Value types are not part of Garbage Collection cleanup process. They live on the stack and they’re naturally added and removed to/from it.

Benefits of value types:

  • less memory - data is stored directly, without a pointer (or actually without two pointers, because reference types have two pointers)
  • faster access to fields because of direct access
  • avoids allocations (unless boxed)
  • no inheritance, so no overhead of devirtualization
  • stored on the stack or register (or heap if boxed or part of something else on a heap)

Boxing

Every value type has a corresponding reference type. E.g., for int, it’d be System.Int32. When boxing, runtime first creates a new instance of reference type (as usual, with header and Method Table pointer), and then it copies data from value type.

Unboxing is cheaper, it’s just a copy of data from heap to stack.

Reference Types

They are composed of two parts:

  • reference - an adress to data. The reference itself is copied by value, just like a value type.
  • data - memory region pointed to by reference.

Reference is like a “classic” pointer, with some runtime safety on top. Reference Type is beneficial when a particular data outlives a stack frame. Then heap allocation is actually useful.

.NET runtime can infer that a given instance of reference type does not “escape” the stack frame and it might place it on stack, like a vlue type instance! However, it will be stored exactly like it would be stored on the heap - with Method Table pinter and header.

Reference Type Structure

Each object on the heap has:

  • header - stores any metadata that might be attached to a given object. E.g., lock on an object, cached value of GetHashCode, some GC info.

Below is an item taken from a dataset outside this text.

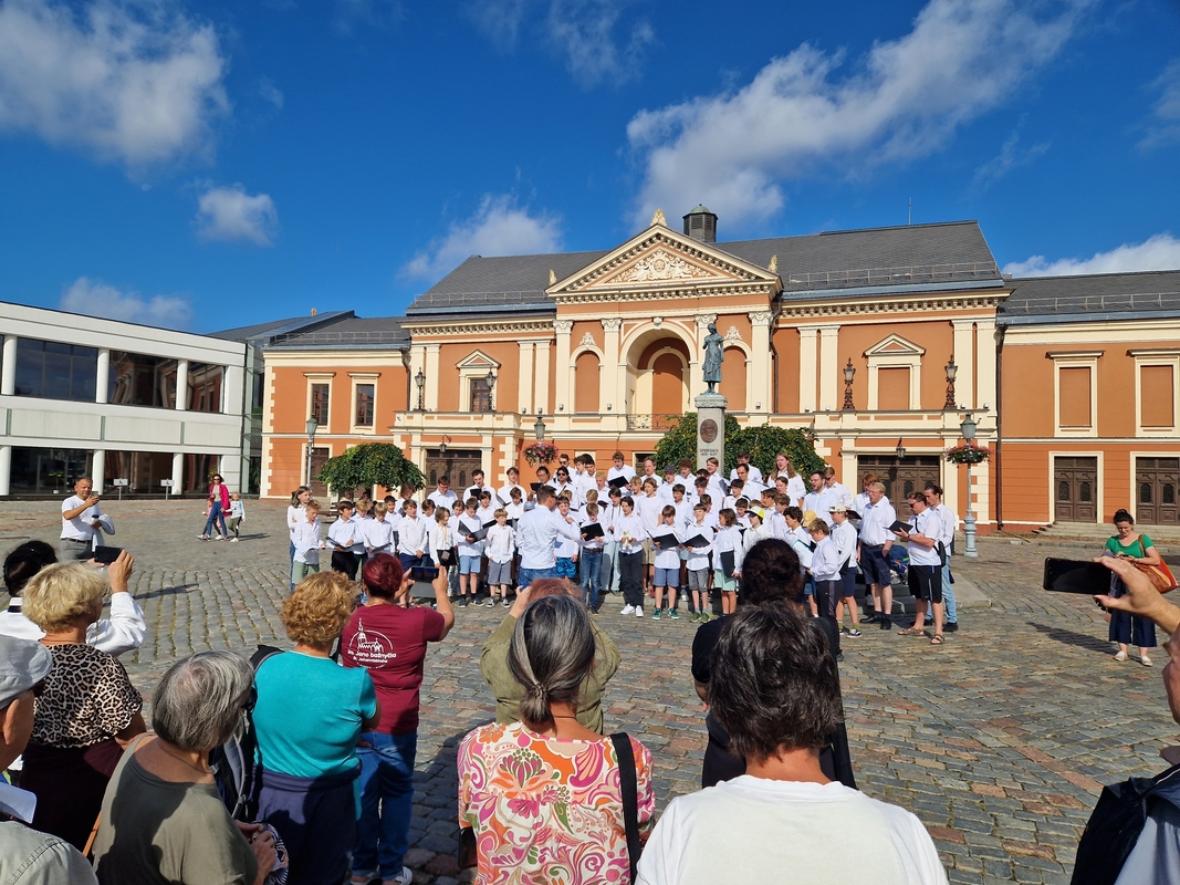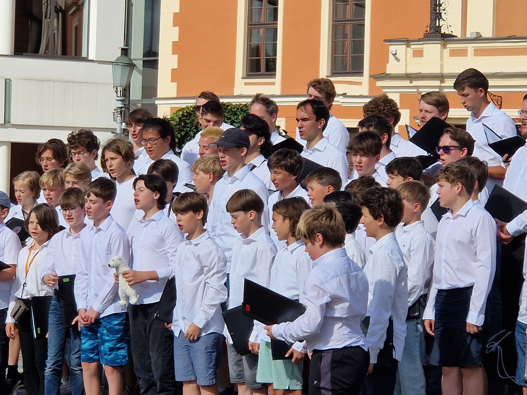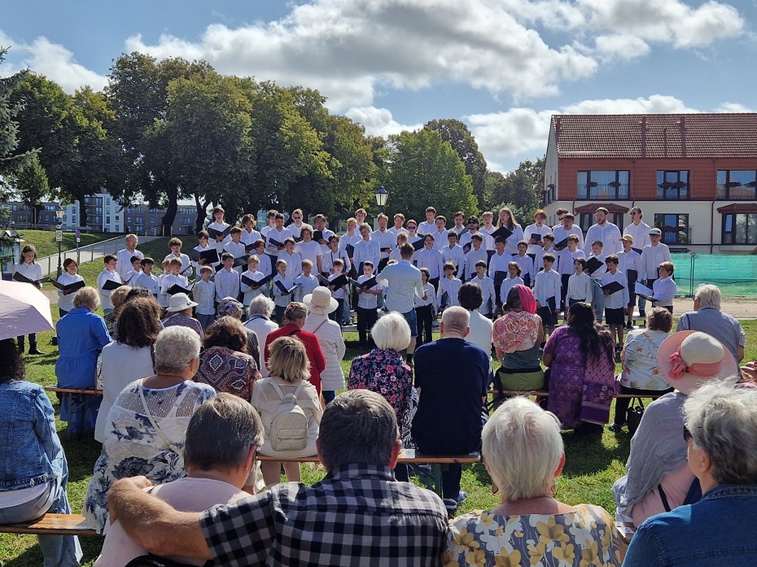 Tie, kas domėjosi pirmą kartą rengiamo Klaipėdos Šv. Jono bažnyčios jaunimo muzikos festivalio koncertų programa, nepatingėjo šeštadienį ryte atvažiuoti į Teatro aikštę. Žmonės žinojo kad 10.30 val. čia atvyks berniukų ir vyrų choras iš Berlyno.
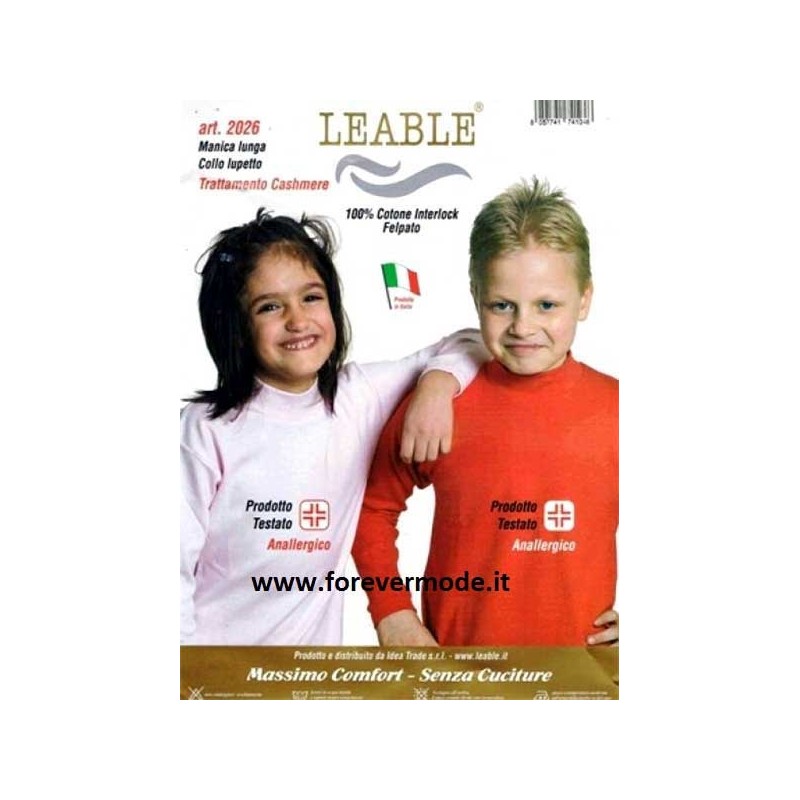 T-shirt maglia bambino Leable manica lunga a lupetto in morbido e caldo cotone felpato invernale. Composizione 100% cotone. Modello art 2026. Made in Italy.

  • Method Table pointer - it’s an address to entry in Method Table structure about the type of an object. There are information such as listing of all methods, data for reflection, and others. The reference to any object actually points at the Method Table pointer!

    ┌──────────────┬──────────────┬──────────────┬──────────────┬──────────────┐
    │ Header │ Method Table │ Data │ Data │ Data │
    │ │ Pointer │ │ │ │...
    └──────────────┴──────────────┴──────────────┴──────────────┴──────────────┘

    Therefore, sometimes we say that the Header lays on a negative index, because to get to it, you have to subtract from the reference’s pointer.

  • Data - the actual values (or references) that are part of the class. Even for empty classes (without fields) there will be one place (8B), because GC expects it.


The smallest object will take 24 bytes (on a 64-bit system) or 12 bytes (on a 32-bit system):

  • 8 bytes for a Header
  • 8 bytes for the Method Table pointer
  • 8 bytes for Data

A struct instance with 1 byte field will take 1 byte of space (or a bit more due to alignment).

A class with 1 byte field will take 24 bytes of space!

ref

For value types, this keyword allows us to pass value types by reference (so the same way as reference types do by default).

For reference types, it acts like a pointer to a pointer. We can chane the object that the passed reference variable points to!

null

It’s a reference that points at an address of 0. Wen we try to access that memory, OS raises exception (CLR catches that and rethrows). The whole first page of virtual memory is an illegal access space.

Data Locality

Structs are better in data locality. An array of structs has each item one next to the other. For classes, only references to items are next to each other, but accessing consecutive items requires:

  1. Moving to next reference
  2. Following the referenece’s pointer to get to actual item

When loading array into cacheline, for structs case we load the actual data. For classes case, we load references to items into cacheline. Each item can be in completely different place in memory. Program will be slower due to more cacheline loads (+ dereferencing).

Garbage Collector

High Level Overview

When garbage collection gets triggered, the following occurs (assumes Workstation, non-concurrent):

  1. Suspend all managed threads.
  2. The thread that triggered GC, starts to execute GC code.
  3. GC decides which generation to condemn (condmned generation + all generations below will be collected)
  4. Mark Phase
  5. Plan Phase
  6. Collection (Sweep or Compaction)
  7. Resume managed threads.

Regions

Memory is not stored in one huge bag. Instead, GC has a few regions and objects fall into them based on:

  • their size
  • their lifetime

Various GCs choose different parameters for memory partitioning, like objects mutability, type, and others. .NET uses mostly just size and lifetime. Regarding size, GC heap is split into 2 regions:

  • SOH - Small Objects Heap - objects smaler than 85_000 bytes
  • LOH - Large Objects Heap - objects larger or equal 85_000 bytes.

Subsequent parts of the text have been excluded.